LISTED RECORDS:
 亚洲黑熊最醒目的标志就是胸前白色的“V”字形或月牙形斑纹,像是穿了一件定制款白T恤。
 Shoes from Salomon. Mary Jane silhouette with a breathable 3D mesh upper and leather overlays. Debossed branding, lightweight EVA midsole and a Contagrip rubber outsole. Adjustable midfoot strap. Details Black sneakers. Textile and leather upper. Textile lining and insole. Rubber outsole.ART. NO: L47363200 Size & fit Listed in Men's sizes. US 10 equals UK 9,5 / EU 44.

---

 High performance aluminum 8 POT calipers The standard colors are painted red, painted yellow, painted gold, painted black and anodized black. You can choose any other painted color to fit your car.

* * *

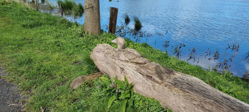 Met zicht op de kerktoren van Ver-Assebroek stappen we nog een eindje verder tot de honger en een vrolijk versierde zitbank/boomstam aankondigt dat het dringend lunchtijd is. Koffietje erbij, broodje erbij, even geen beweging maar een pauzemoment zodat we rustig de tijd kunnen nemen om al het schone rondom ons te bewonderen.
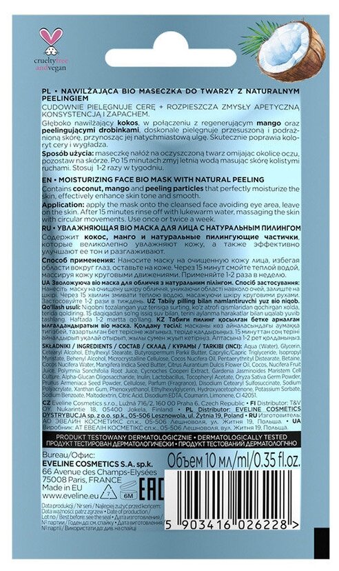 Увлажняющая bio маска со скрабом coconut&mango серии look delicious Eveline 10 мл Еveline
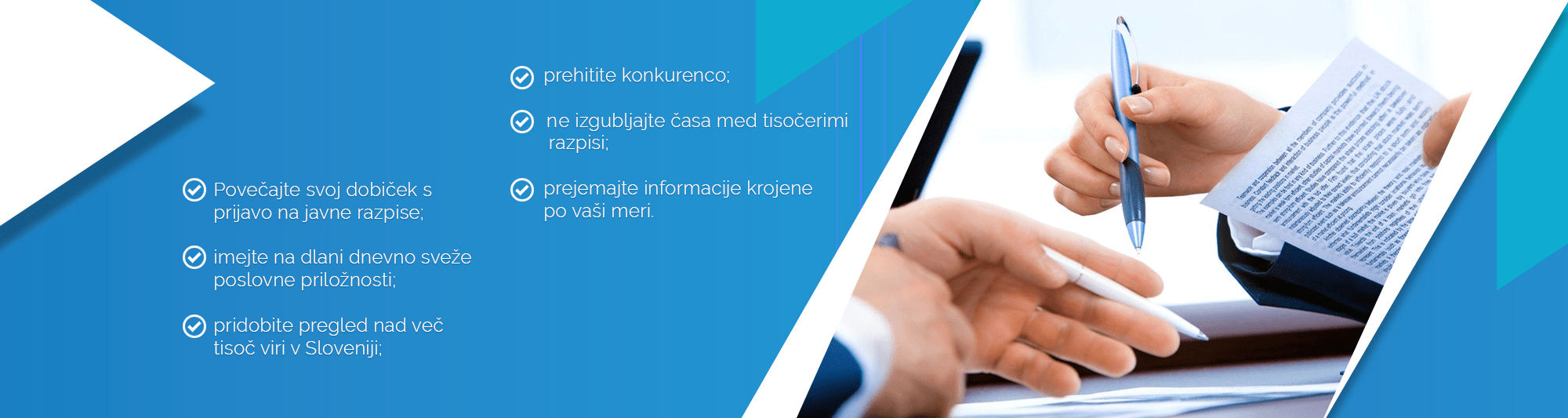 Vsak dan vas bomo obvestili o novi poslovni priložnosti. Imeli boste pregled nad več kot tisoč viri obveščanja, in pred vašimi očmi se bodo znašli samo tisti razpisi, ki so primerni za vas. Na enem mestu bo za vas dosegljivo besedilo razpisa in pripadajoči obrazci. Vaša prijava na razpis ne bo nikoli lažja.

ACTIVITY:
The reply should consist solely of the lines above from the one that has "亚洲黑熊最醒目的标志就是胸前" through the one that has "Shoes from Salomon.", reproduced exactly.

YOUR RESPONSE:
 亚洲黑熊最醒目的标志就是胸前白色的“V”字形或月牙形斑纹,像是穿了一件定制款白T恤。
 Shoes from Salomon. Mary Jane silhouette with a breathable 3D mesh upper and leather overlays. Debossed branding, lightweight EVA midsole and a Contagrip rubber outsole. Adjustable midfoot strap. Details Black sneakers. Textile and leather upper. Textile lining and insole. Rubber outsole.ART. NO: L47363200 Size & fit Listed in Men's sizes. US 10 equals UK 9,5 / EU 44.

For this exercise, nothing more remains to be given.